Un professionnel souhaitant exercer une activité indépendante seul a plusieurs options pour l’exercice de cette activité : 

  • Il peut tout d’abord créer une société unipersonnelle (SASU, SARLU, etc.) qui lui permettra de mettre en place une entité totalement distincte de son patrimoine personnel et ayant une personnalité juridique propre.

La création d’une société peut avoir des avantages fiscaux et permet également de faciliter la cession de l’activité professionnelle puisqu’il suffit alors de céder les titres de la société.

  • Il peut ensuite opter pour le statut d’entrepreneur individuel (statut également connu sous l’appellation « auto-entrepreneur » ou « auto-entreprise » lorsque l’entrepreneur a opté pour le régime simplifié permettant des obligations comptables et déclaratives allégées lorsque le chiffre d’affaires ne dépasse pas un certain montant) 

L’inconvénient de ce type d’exercice résidait jusqu’ici dans l’absence de séparation entre le patrimoine professionnel et le patrimoine personnel de l’entrepreneur.

En effet, les créanciers professionnels de l’entrepreneur avaient la possibilité de « s’attaquer » au patrimoine personnel de ce dernier, à l’exception de sa résidence principale, protégée légalement.

L’entrepreneur individuel pouvait, pour pallier cette difficulté, publier une déclaration d’insaisissabilité pour protéger ses bien personnels.
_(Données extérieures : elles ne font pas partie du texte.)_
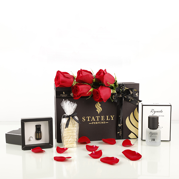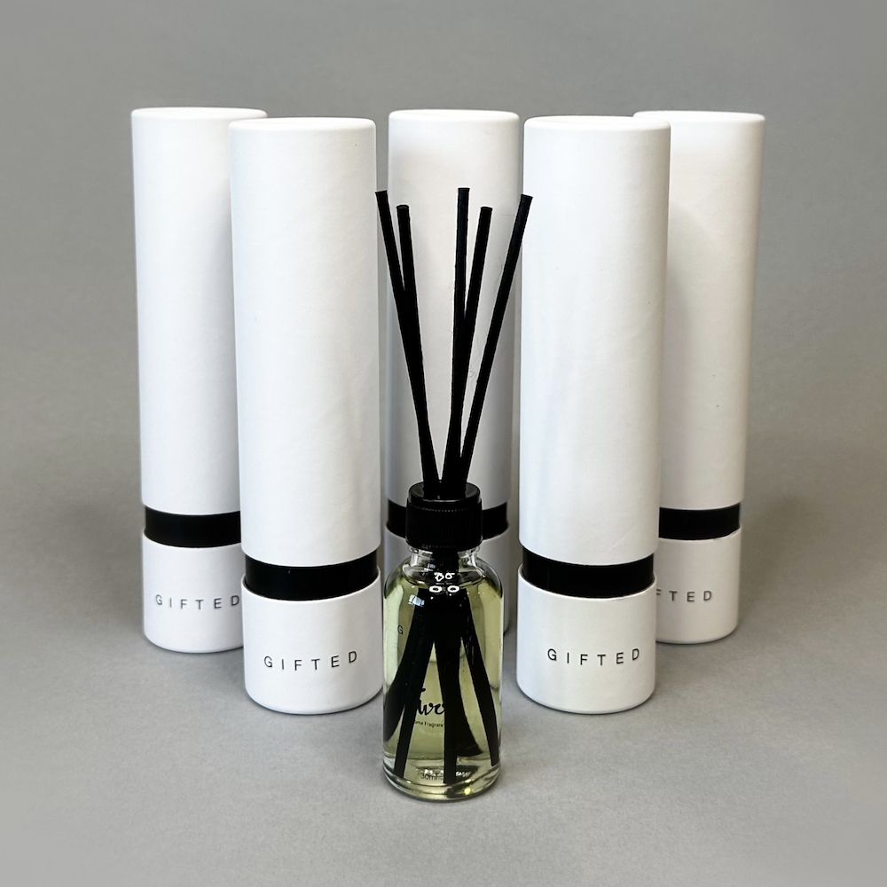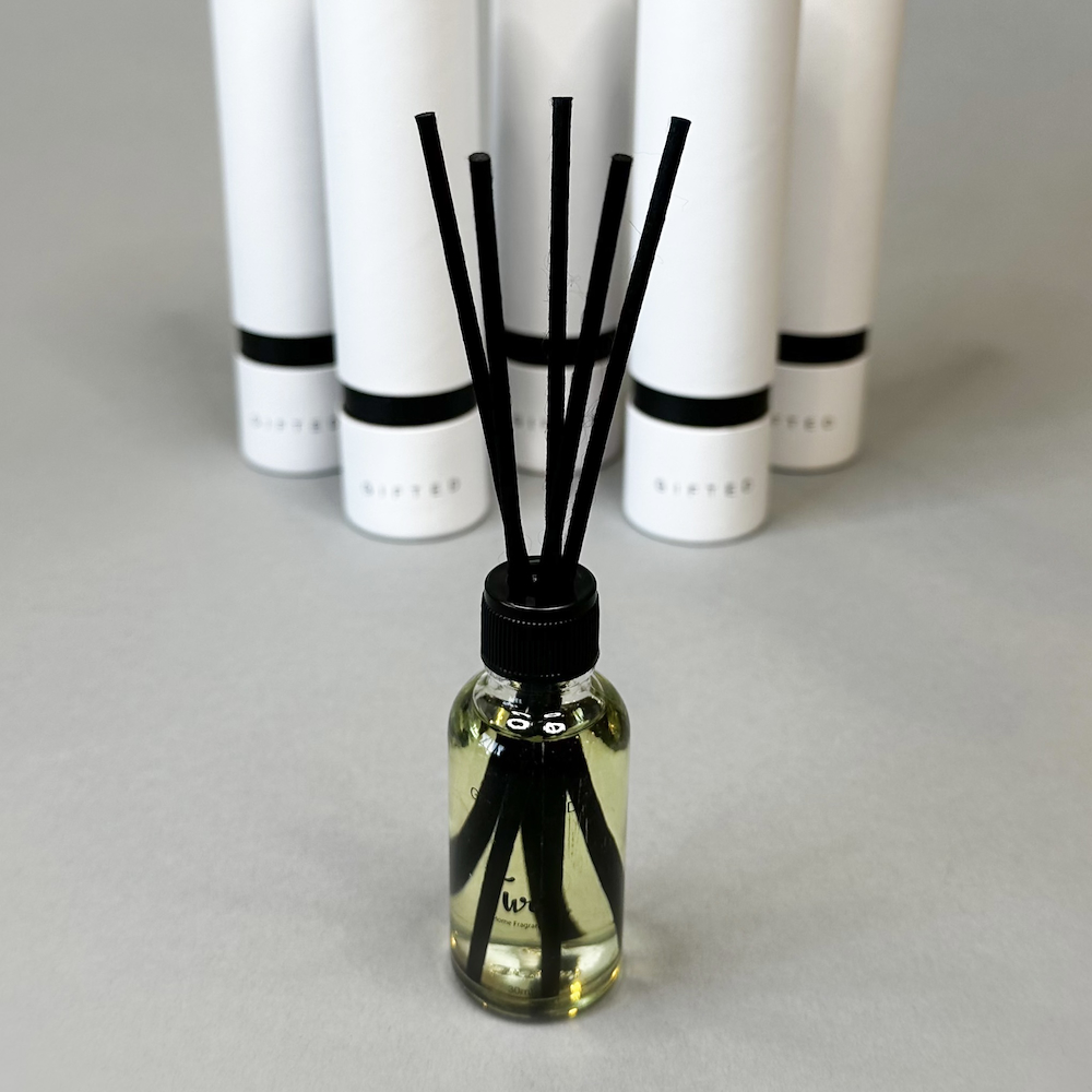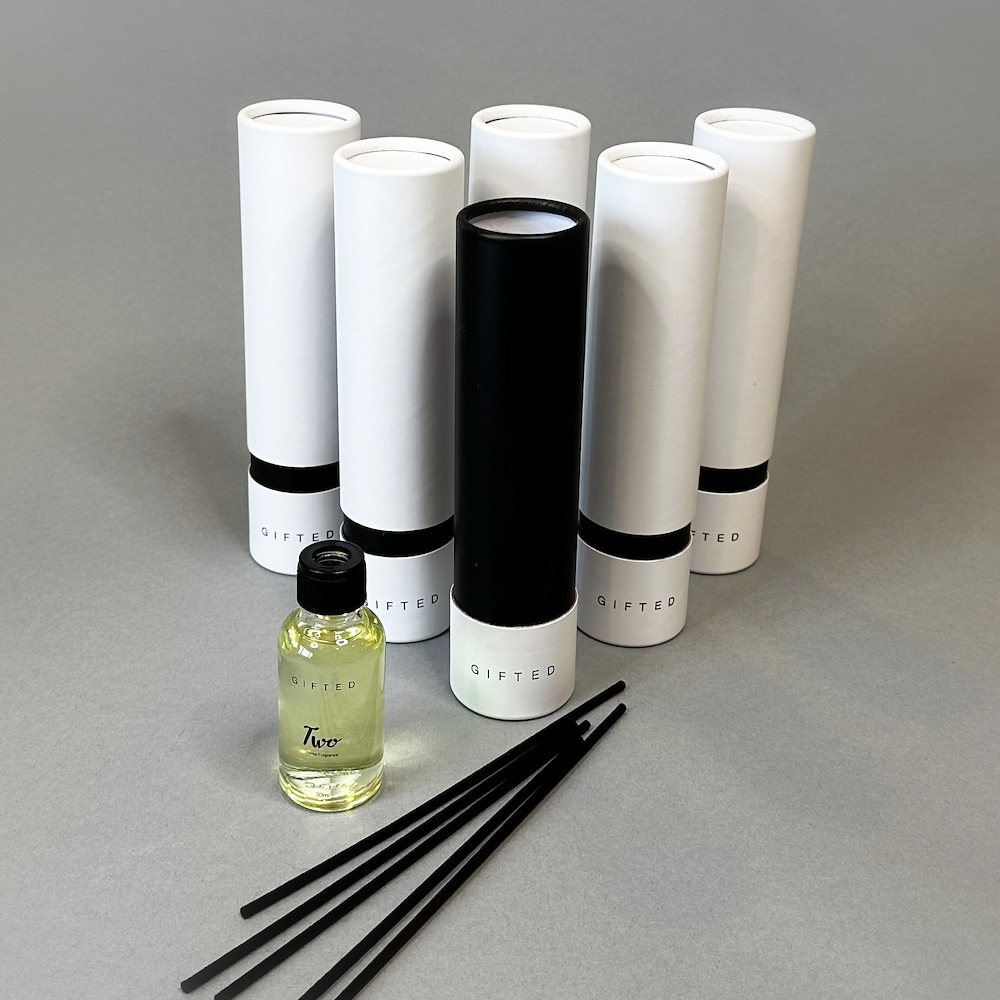 Six mini 30 ml diffusers: two gifted: rose, patchouli, mandarin, musk, vanilla, and jasmine. They come with a hard bord gift box.

Cependant cela supposait d’établir un acte notarié et de la publier, générant ainsi des frais supplémentaires.

  • L’indépendant pouvait également opter pour un statut intermédiaire, à savoir l’Entreprise Individuelle à Responsabilité Limitée (EIRL) qui permettait à l’entrepreneur de protéger son patrimoine personnel sans constituer de société́, en effectuant une déclaration d’affectation.

Cette déclaration devait dresser la liste des biens qu’il décidait d’affecter à l’exercice de son activité professionnelle et seuls ces biens pouvaient être saisis par ses créanciers professionnels. 

Ce statut n’a cependant pas connu un réel succès dès lors qu’il était soumis à un régime relativement contraignant : la tenue d’une comptabilité́ commerciale était obligatoire quel que soit le régime fiscal, les comptes annuels devaient être déposées annuellement au greffe du tribunal de commerce. 

La loi du 14 février 2022, en faveur de l’activité professionnelle indépendante, publiée au journal officiel le 15 février 2022, a supprimé ce statut de l’EIRL tout en améliorant considérablement la protection du patrimoine de l’entrepreneur individuel.

En effet, le nouvel article L526-22 du code de commerce opère désormais une distinction automatique entre le patrimoine professionnel et le patrimoine personnel de l’entrepreneur individuel. 

Seuls les éléments du patrimoine dits « utiles » à l’activité professionnel constitueront le patrimoine professionnel pouvant être saisis par les créanciers, sauf conventions contraires. 

Le code des procédures civiles d’exécution est également modifié en ce sens, puisque l’article L161-1 dudit code dispose que les créanciers professionnels ne pourront engager une procédure d’exécution qu’à l’encontre du patrimoine professionnel (sauf manœuvres frauduleuses ou d’inobservation grave et répétée des obligations fiscales ou sociales par l’entrepreneur).

D’un point de vue de la théorie juridique, la loi du 22 février 2022 met fin à la théorie de l’unicité du patrimoine selon laquelle chaque personne ne peut avoir qu’un seul patrimoine qui est le gage général des créanciers.

Il est désormais acquis qu’une personne peut avoir un patrimoine personnel et un patrimoine professionnel distincts, limitant ainsi le gage des créanciers.